To understand where things stand, consider that the nation’s lawmakers passed the Genetic Engineering Regulatory Act (GERA) in November 2018. Yet it remains unsigned by the nation’s president, who has given little reason to suggest that’s going to change any time soon.

And even if it were signed, GMO proponents are worried about some elements of the law, including what’s known as clause 35, which deals with liability issues. In the event there is any harm to the environment or human health, the act presumes guilt for any person or company holding a patent for the genetically engineered product accused of causing the problem.

There is hope, however, that successful use of genetically engineered Ebola vaccines could encourage GMO doubters to reconsider their opposition. Since the Ebola outbreak in DR Congo started in August 2018, 1,700 people have died. The World Health Organization has declared the situation a Public Health Emergency of International Concern (PHEIC). Ugand grew increasingly concerned in May and June, after the hemorrhagic fever surfaced and killed three people in western region close to DRC. A few weeks later, WHO’s director-general, Dr. Tedros Adhanom Gibreyesus, visited Kampala  to assess Uganda’s Ebola surveillance, preparedness and response.

The WHO chief met with Uganda’s president, Gen. Yoweri Museveni, at the State House in Entebbe. Discussions are said to have centered on the proposed use of the experimental vaccine, known as recombinant Vesicular Stomatitis Virus (rVSV), which had been stocked in Uganda’s National Medical Stores (NMS). And experimental treatment was used during recent outbreaks in Guinea, Sierra Leone and DR Congo.
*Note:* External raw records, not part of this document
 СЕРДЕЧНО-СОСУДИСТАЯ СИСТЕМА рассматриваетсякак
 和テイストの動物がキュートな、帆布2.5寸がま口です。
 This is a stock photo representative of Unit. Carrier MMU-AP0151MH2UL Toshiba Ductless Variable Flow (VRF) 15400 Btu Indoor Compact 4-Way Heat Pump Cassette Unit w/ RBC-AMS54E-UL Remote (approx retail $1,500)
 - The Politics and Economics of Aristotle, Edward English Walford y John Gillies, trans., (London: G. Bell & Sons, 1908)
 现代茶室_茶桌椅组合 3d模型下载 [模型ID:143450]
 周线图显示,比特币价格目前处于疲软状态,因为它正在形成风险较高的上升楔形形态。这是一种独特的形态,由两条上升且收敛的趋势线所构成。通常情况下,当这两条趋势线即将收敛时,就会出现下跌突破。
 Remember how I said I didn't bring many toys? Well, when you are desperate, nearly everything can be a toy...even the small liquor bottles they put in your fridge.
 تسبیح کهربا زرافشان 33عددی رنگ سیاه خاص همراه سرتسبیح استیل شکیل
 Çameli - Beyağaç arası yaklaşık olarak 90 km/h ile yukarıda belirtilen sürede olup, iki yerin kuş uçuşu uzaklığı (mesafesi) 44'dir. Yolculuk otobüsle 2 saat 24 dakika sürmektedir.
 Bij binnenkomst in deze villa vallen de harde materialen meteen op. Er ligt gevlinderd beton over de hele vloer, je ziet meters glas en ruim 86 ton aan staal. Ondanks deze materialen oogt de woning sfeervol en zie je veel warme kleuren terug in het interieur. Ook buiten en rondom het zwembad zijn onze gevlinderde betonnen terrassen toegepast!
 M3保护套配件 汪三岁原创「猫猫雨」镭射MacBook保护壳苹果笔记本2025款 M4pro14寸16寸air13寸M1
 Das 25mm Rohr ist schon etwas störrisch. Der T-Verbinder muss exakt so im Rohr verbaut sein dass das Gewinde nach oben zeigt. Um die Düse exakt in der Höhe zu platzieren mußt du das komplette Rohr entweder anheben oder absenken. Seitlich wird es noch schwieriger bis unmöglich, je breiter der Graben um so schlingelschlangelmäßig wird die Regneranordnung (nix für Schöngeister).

Approval of the vaccine was granted the state-run Uganda National Council for Science and Technology (UNCST) and its National Biosafety Committee (NBC); the National Drug Authority (NDA) which regulates medicines; and the Uganda Virus Research Institute (UVRI), the lead agency that tests and detects Viral Haemorrhagic Fever (VHF) cases in Uganda, including Ebola.

It remains to be seen how the nation’s anti-vaccination groups will react to the experimental Ebola vaccines. There are several NGOs and other groups opposed to childhood vaccines. Most of them are driven by religious and cultural concerns. Key among them is controversial traditionalist Kihuura Nkuba, a proprietor of Greater Afrika Radio, which has not yet taken a public position opposing the Ebola vaccine.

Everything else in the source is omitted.